TASK DETAILS.
Exclude the pictures, then quote exactly the lines from the one holding "Douche-téléphone et barres d'appui" through the last line of the records.

[Stored data entries]
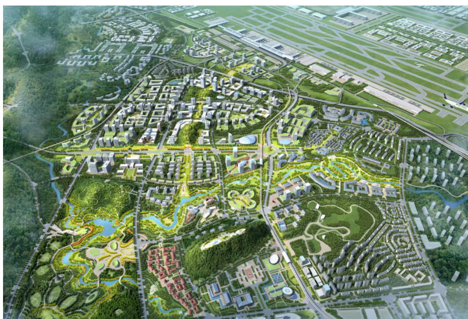
贵州双龙航空港经济区总体规划效果图

贵州双龙航空港经济区成立于2014年10月,是贵州省“1+8”国家级开放创新平台之一,2017年获批国家级临空经济示范区。经济区规划面积148平方公里,2030年规划人口50万人,是贵州省对外开放的重要门户和改革开放的先行区。经济区依托龙洞堡国际机场,区位优势明显,交通快捷方便,生态环境优良,资源要素集聚,基础条件优越,发展空间广阔,是一个宜业、宜聚、宜居的港产城融合发展新区。
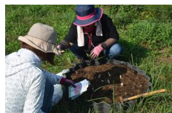
ダイヤモンドリリー植栽
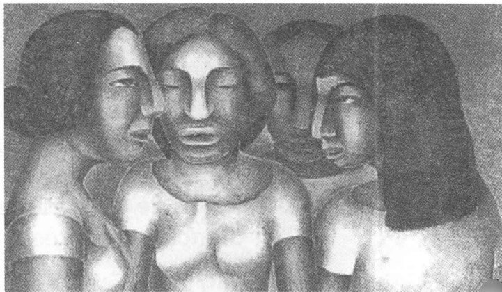
Mujeres conversando, Rufino Tari

Se contó con la participación activa de todos los estudiantes del Grupo UCMSocialClub , así como de personal del área administrativa. La obra se escenificó a las 13:15 horas en el
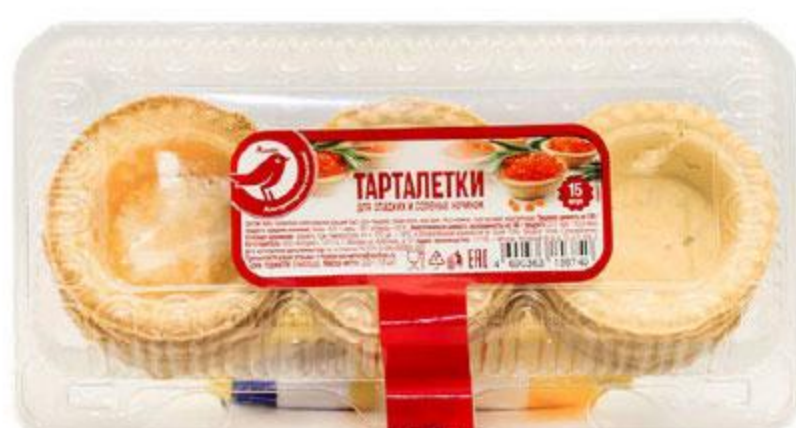
Тарталетки АШАН, 220 г
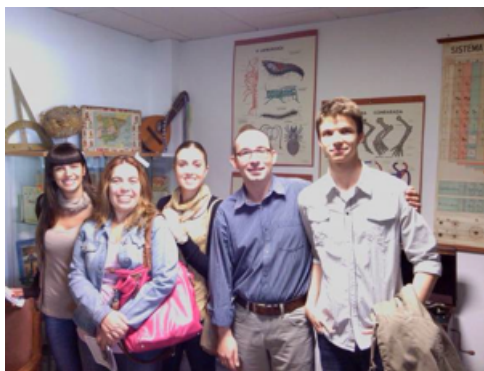
Alumnado de la asignatura Historia de la Educación Contemporánea.
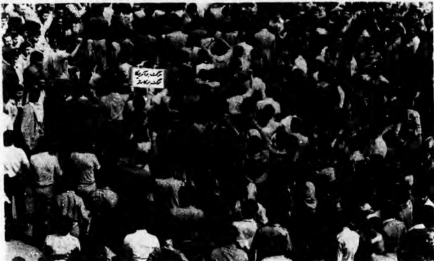
دربای خلق در تظاهرات باشکوه و با مستهباتی کرده خود فریاد مرگ بر آمریکا را سردادند

اگر زمینه‌ی عینی وحدت درست تشخیص داده شود همه‌ی نیروها حول آن جمع شده و تفرقه‌ها فروکش خواهند کرد.
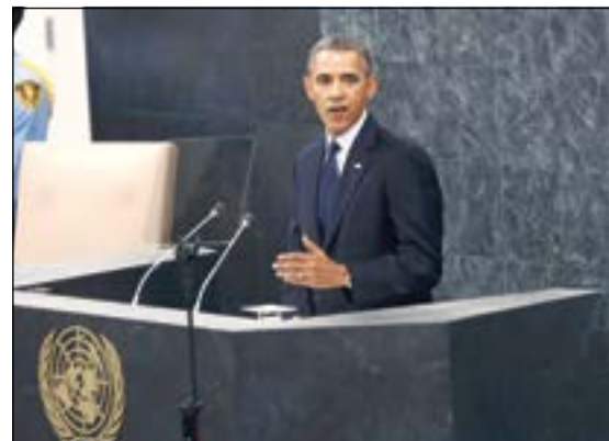
الرئيس الأميركي باراك أوباما يلقي كلمته أمام الجمعية العامة للأمم المتحدة

اندهشت من سرعة التحول في مصر وتونس، وشدد على أن الحكومة التي حلت محل محمد مرسي جاءت استجابة لرغبة الشعب، مضيفاً أن مرسي جاء بالانتخابات لكنه عجز عن حكم مصر. وقال: نطالب الحكومة المصرية باتخاذ إجراءات ديموقراطية وحماية حقوق الإنسان، لكنه شدد على أن الدعم الأميركي لمصر سيكون مرهونا بالتقدم في مجال الديموقراطية.
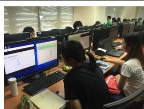
進階程式設計課程

本校自104學年度開始與國立臺北科技大學合作「教育部補助扎根高中職資訊科學教育計畫」，提供本校學生進階程式設計與資訊專題課程，並辦理多場資訊領域相關講座與企業參訪，參與計畫的學生擁有程式設計基礎後可參加APCS檢測，做為大學申請時的證明與優勢。
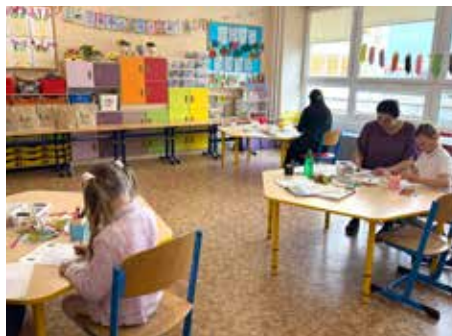
V učebni ZŠ s MŠ Nižná brána.
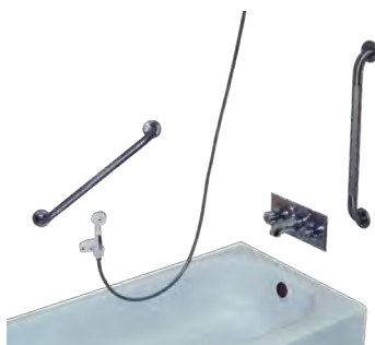
Douche-téléphone et barres d'appui
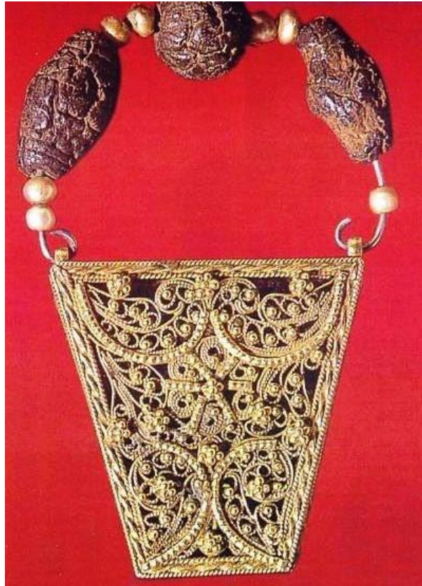
4 - Золото подарили волхвы.

SOLUTION TO THE EXERCISE.
Douche-téléphone et barres d'appui
4 - Золото подарили волхвы.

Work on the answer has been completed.